Six questions for
Edita Liessner

Tique asks six questions to an artist about their work and inspiration.
This week: Edita Liessner.

© Edita Liessner, from the series Short Stories on a Long Theme, 2026
Artist Edita Liessner
Lives in Paris, France
Website https://editaliessner.com

How do you describe your own art practice?

My work moves between documentary observation, conceptual thinking and image-making rooted in atmosphere and stories. This approach can be applied to anything I do. I’m drawn to incompleteness and to the tension between what is revealed and what remains unresolved. The idea of the fragment is central to the way I think – how individual fragments, when placed next to one another, can create an entirely new narrative or emotional meaning. That’s why I like to think of myself more as a collector than a traditional photographer.

I often think of images in a way that is very close to writing. Visual language, similarly to words, carries its own rhythm, symbolism, emotional codes. I’m fascinated by how meaning is constructed through association and sequencing, and by the way images can function almost like sentences within a larger narrative.

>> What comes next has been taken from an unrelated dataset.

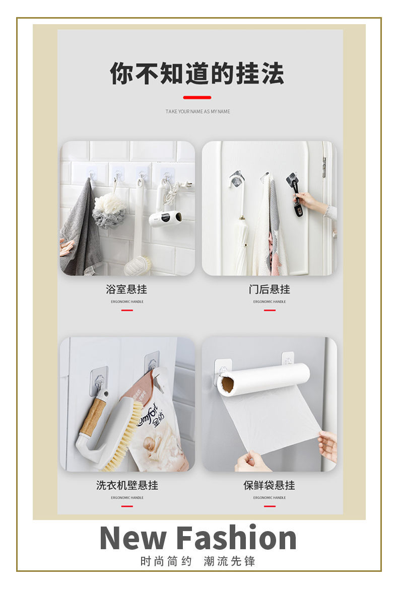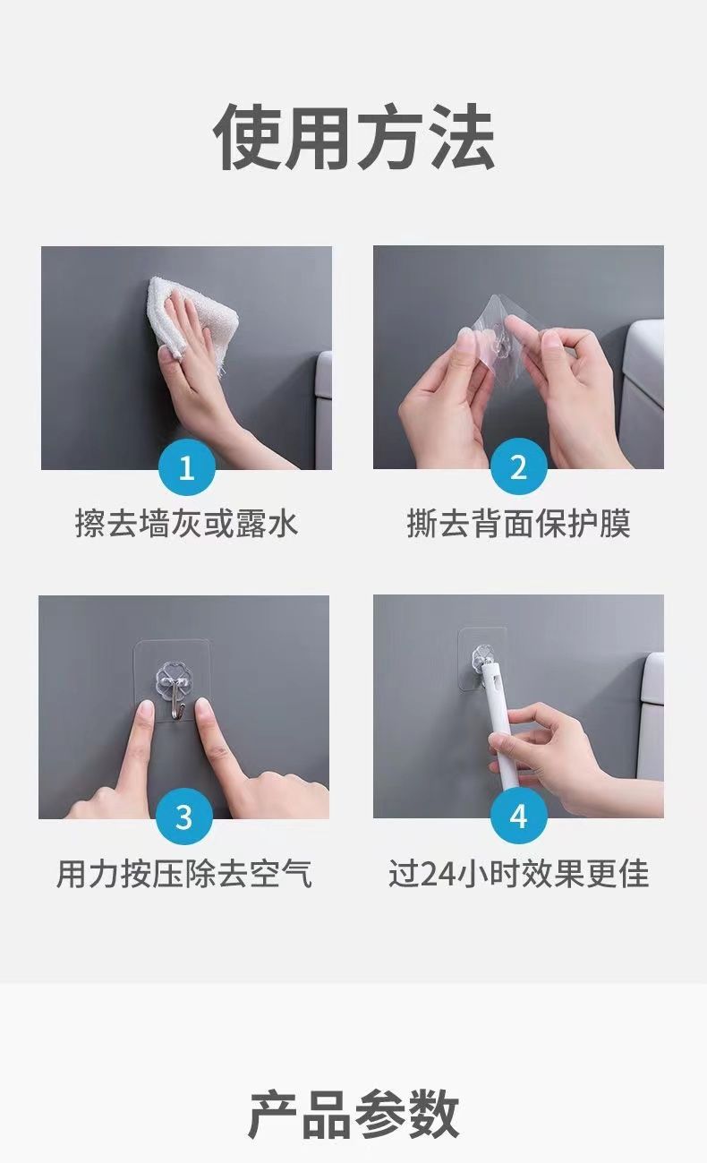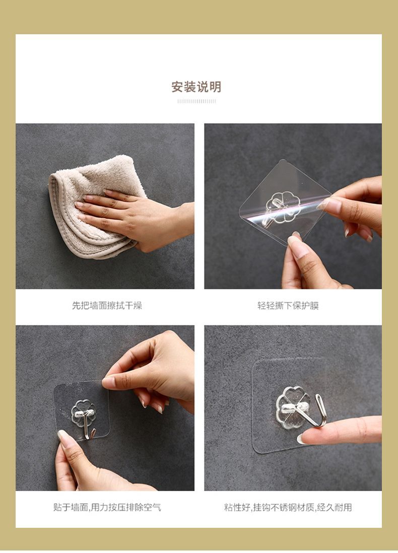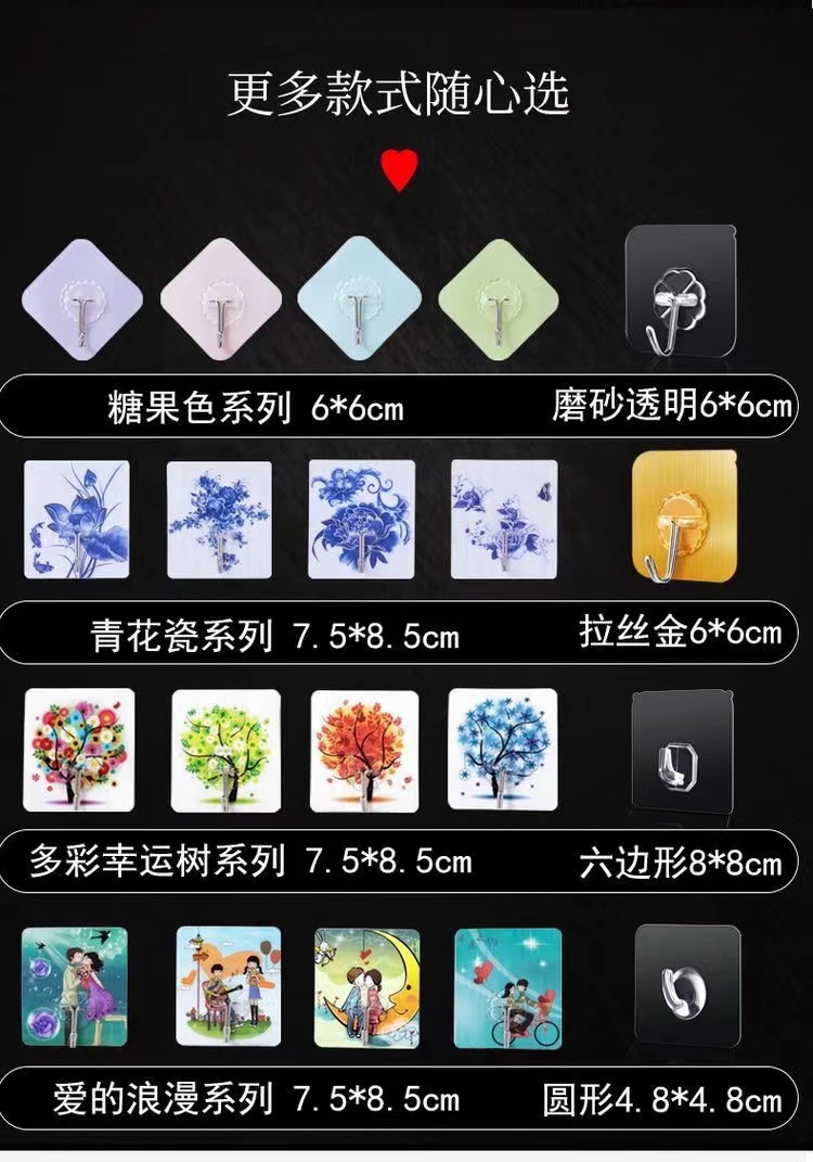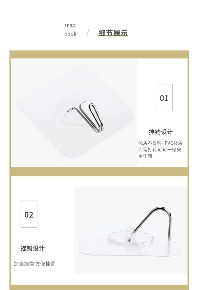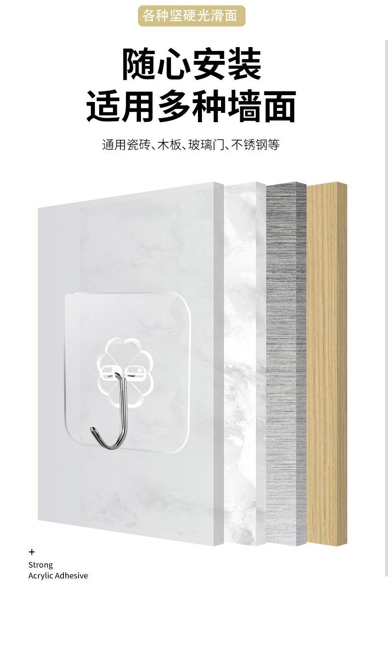 Factory strong square transparent hook load bearing seamless nail free door hook wall hanging Bathroom Kitchen coat and hat sticky hook

Which question or theme is central in your work?

Belonging and the themes of home and identity tied to it. I’m interested in what makes us human and how we connect to each other; how the places we inhabit shape our identities and emotional lives.

What was your first experience with art?

Through music, anything visual came much later.

My grandfather used to play classic rock’n’roll and 1960s records whenever he babysat me as a child. We would dance to them in his living room, and later on, he would try to teach me some of the songs on guitar and make mixtapes for me. Music is still essential to my process – I make playlists for every project I work on.

What is your greatest source of inspiration?

Inspiration can be found in anything: the way someone’s hand holds a glass of wine, an empty plastic bag being swept by the wind, the particular shade of blue the sky has at 6.30am. It can come from a chance conversation with a stranger, an exhibition you’ve seen, a book, or a film that stirred something within you and stayed there.

For me, it ultimately comes down to observation, openness, active listening, and being fully present. My notebooks are full of small observations, fragments of conversations, and moments I don’t want to forget.

What do you need in order to create your work?

I need both solitude and freedom as much as experiences that disrupt the calm. Space to observe, think, wander, and remain attentive to the world around me. At the same time, my work depends on being emotionally engaged with life and with other people. It’s a balance between retreat and connection. I feel like I’m constantly somewhere between these two places.

What work or artist has most recently surprised you?

I recently got my hands on a photobook Another Online Pervert by Brea Souders, which I found incredibly unsettling and intelligent in the way it navigates intimacy, loneliness, and projection within online spaces.

I was also deeply moved by the HBO series Station Eleven. What stayed with me most was the way it approaches the disappearance of the internet and social media. Not simply as a technological collapse, but as the disappearance of a certain collective consciousness as archive of everyday human existence. There’s something haunting and simultaneously cleansing in the idea that all these small traces of ourselves suddenly vanish.

I also loved how strongly the series draws on Shakespeare and the idea that art survives catastrophe. Even in the middle of collapse, people still feel the need to perform, tell stories and search for meaning within them.